Homily for August 29th, 2020: St. John the Baptist
Not quite 62 years ago, on the
afternoon of October 28th, 1958, an elderly Italian cardinal named
Angelo Roncalli was elected Bishop of Rome. When he was asked what name he
would take as Pope, he replied: “I will be called John.” It was the first of
many surprises. There had not been a pope of that name for over six hundred
years. Almost all of them had short pontificates, John told his electors. He
was then just short of 77. He would die only four and a half years later, on
the day after Pentecost 1963.
He loved the name John, the new Pope said,
because it had been borne by the two men in the gospels who were closest to
Jesus: John the Baptist, who prepared the way for the Lord and shed his blood
in witness to the One he proclaimed; and John the Evangelist, called throughout
the gospel which bears his name “the disciple whom Jesus loved.”
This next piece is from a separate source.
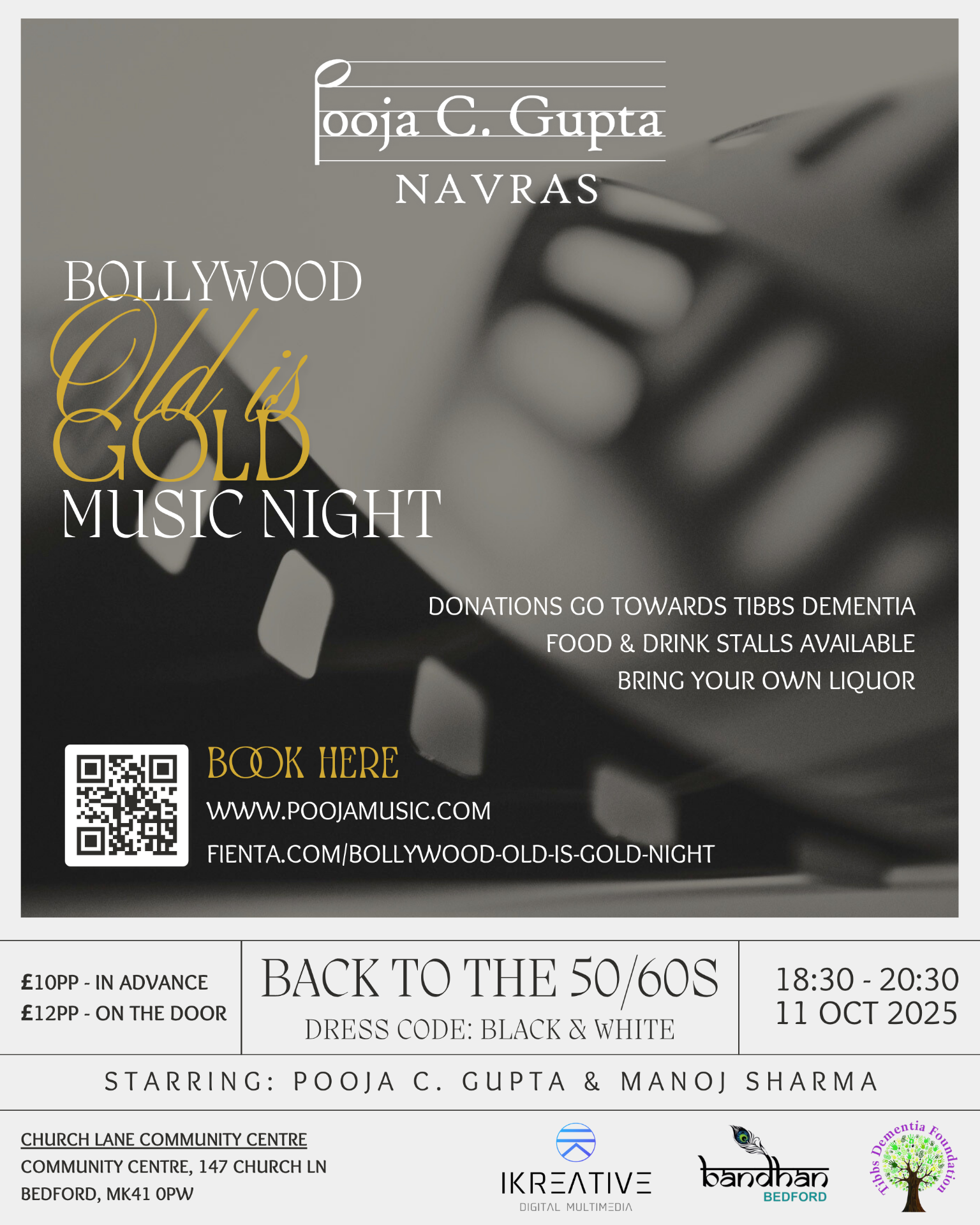 Join me on the 11th Oct 2025 from 6.30 till 8:30pm for live 50/60s Bollywood singing, food, drinks, raffle and Music Masti. See you there!

The name John means, “God is
gracious,” or “God has given grace.” The name was singularly appropriate for
the man we know as John the Baptist. He was commissioned even before his birth
to proclaim the One who would give God a human face, and a human voice: Jesus
Christ.
God called each of us in our mother’s womb. He fashioned us
in his own image, as creatures made for love: to praise, worship, and serve God
here on earth, and to be happy with him forever in heaven. Fulfilling that
destiny, given to us not just at birth but at our conception, means heeding the
words which today’s saint, John the Baptist, spoke about Jesus: “He must
increase, I must decrease” (John 3:3).
Those are the most important words
which St. John
the Baptist ever spoke. In just six words they sum up the whole life of
Christian discipleship. Imprint those words on your mind, your heart, your
soul. Resolve today to try to make them a reality in daily life. Those who do
that find that they have discovered the key to happiness, to fulfillment, and
to peace. “He must increase, I must decrease.”